## Task prompt
From the line that holds "Toltec Lighting 582-GP-9554" to the end of the records, reproduce every line exactly. No pictures.

═════ Data for review

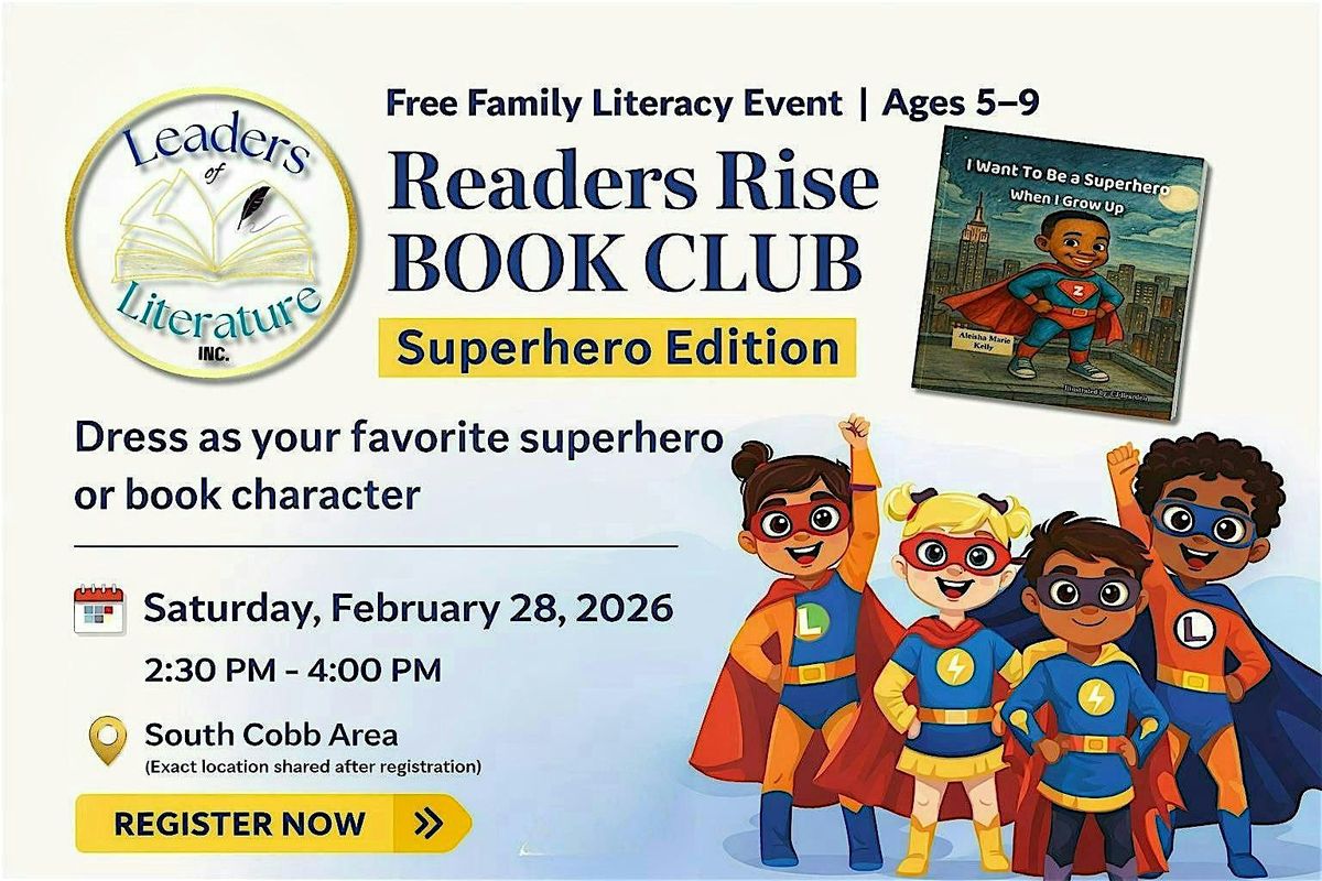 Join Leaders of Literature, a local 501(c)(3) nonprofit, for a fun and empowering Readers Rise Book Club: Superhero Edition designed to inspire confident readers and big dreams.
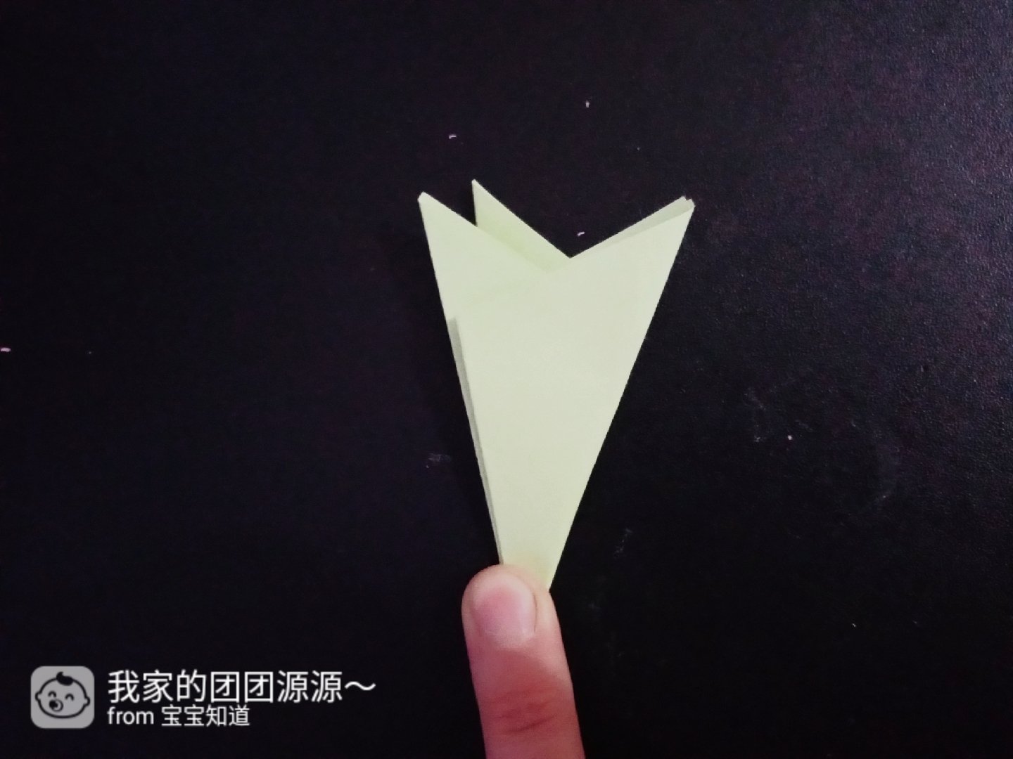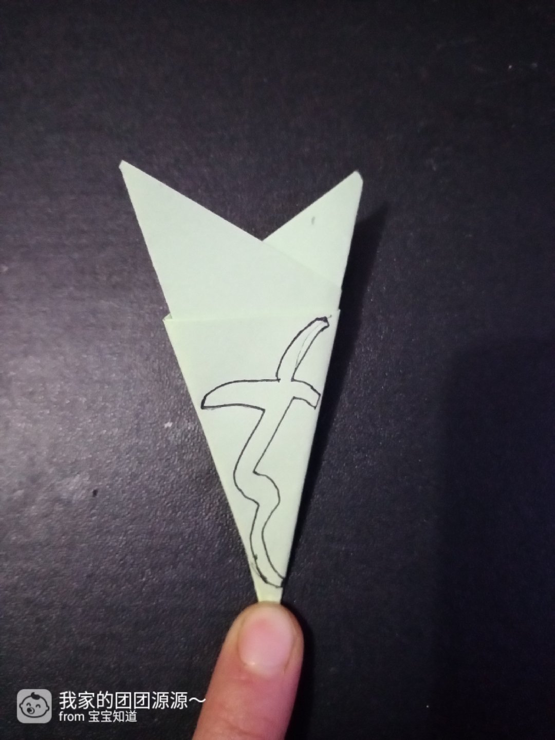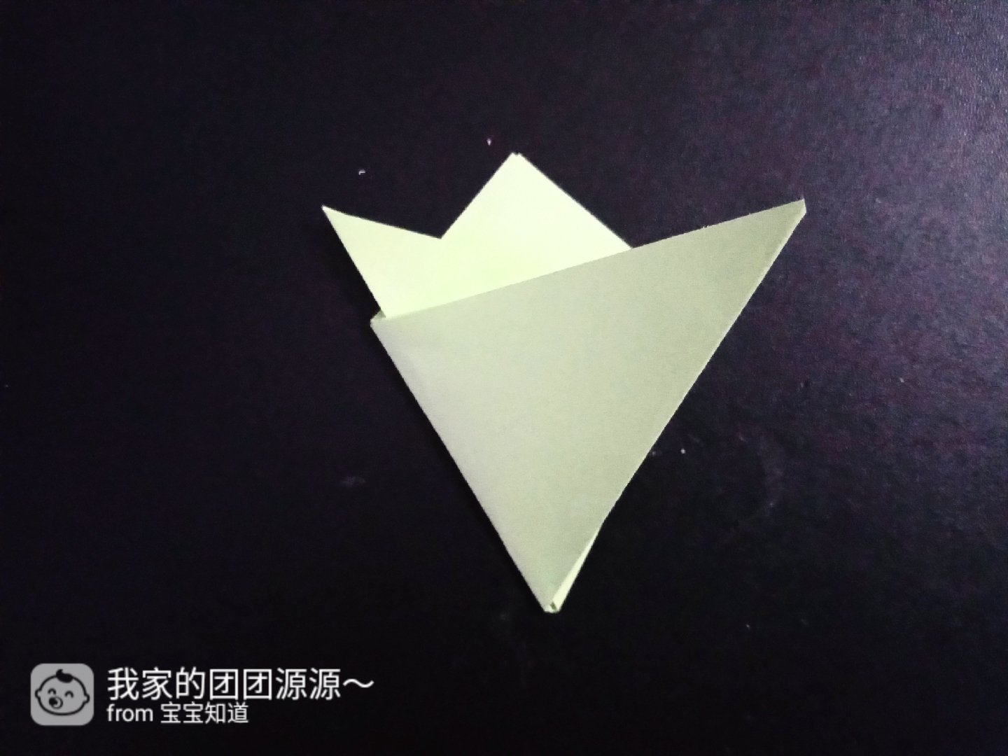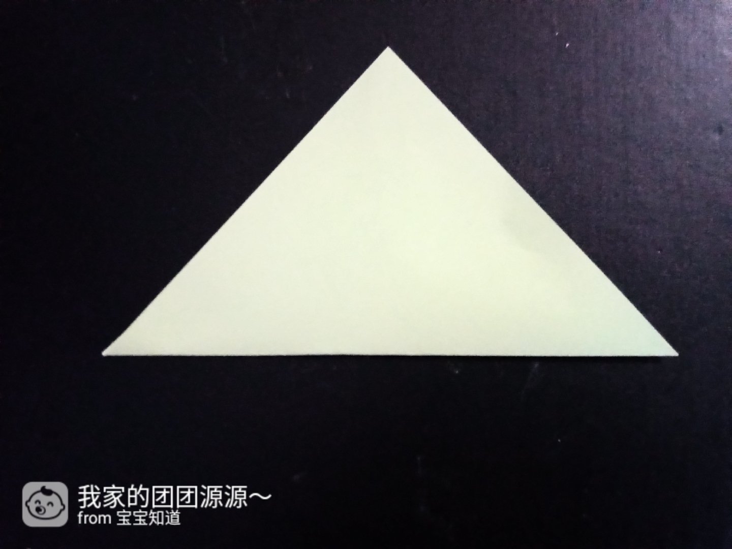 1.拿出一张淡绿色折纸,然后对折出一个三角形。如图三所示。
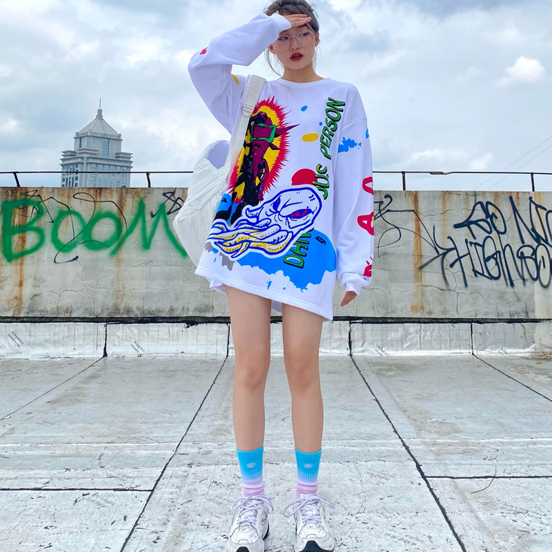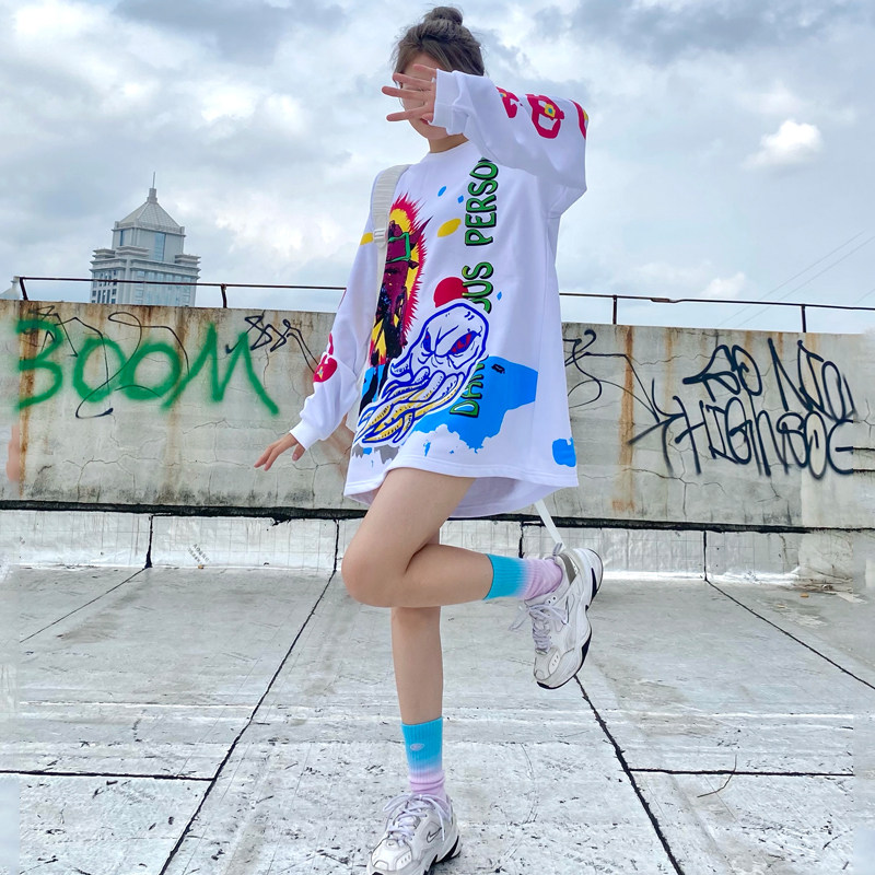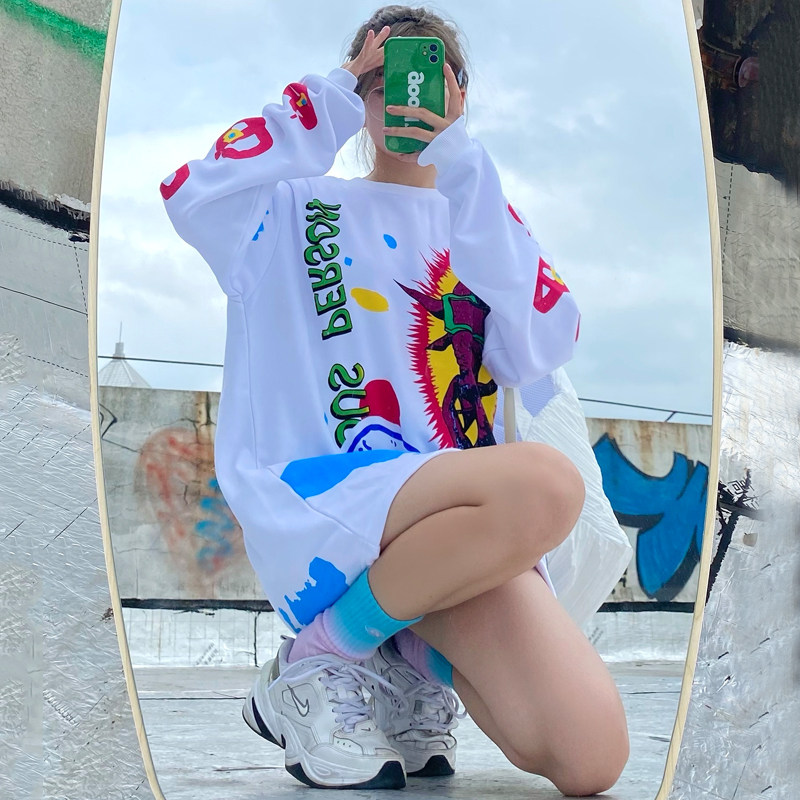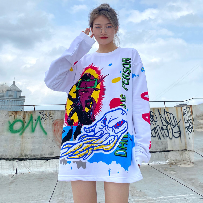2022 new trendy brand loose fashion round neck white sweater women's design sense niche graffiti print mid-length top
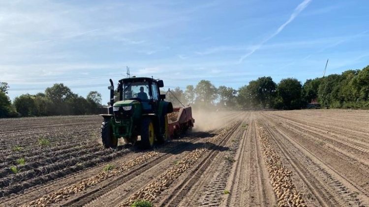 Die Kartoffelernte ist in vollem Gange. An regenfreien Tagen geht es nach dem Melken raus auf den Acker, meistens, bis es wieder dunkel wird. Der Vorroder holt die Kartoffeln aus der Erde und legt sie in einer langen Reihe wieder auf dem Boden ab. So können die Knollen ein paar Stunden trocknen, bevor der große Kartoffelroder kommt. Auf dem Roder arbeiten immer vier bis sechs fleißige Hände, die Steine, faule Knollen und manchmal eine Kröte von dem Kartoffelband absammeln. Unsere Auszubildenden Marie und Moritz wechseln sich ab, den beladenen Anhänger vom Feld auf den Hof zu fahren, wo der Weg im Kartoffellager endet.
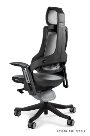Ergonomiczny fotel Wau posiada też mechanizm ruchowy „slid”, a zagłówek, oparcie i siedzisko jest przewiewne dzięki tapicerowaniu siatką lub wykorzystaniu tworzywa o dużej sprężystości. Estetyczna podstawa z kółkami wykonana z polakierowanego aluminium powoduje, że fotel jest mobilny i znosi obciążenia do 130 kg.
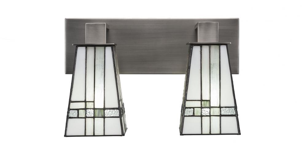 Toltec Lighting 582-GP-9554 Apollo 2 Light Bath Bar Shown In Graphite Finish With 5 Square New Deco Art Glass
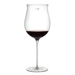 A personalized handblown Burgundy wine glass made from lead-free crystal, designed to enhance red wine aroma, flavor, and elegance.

══════════

## Answer for the task
 Toltec Lighting 582-GP-9554 Apollo 2 Light Bath Bar Shown In Graphite Finish With 5 Square New Deco Art Glass
 A personalized handblown Burgundy wine glass made from lead-free crystal, designed to enhance red wine aroma, flavor, and elegance.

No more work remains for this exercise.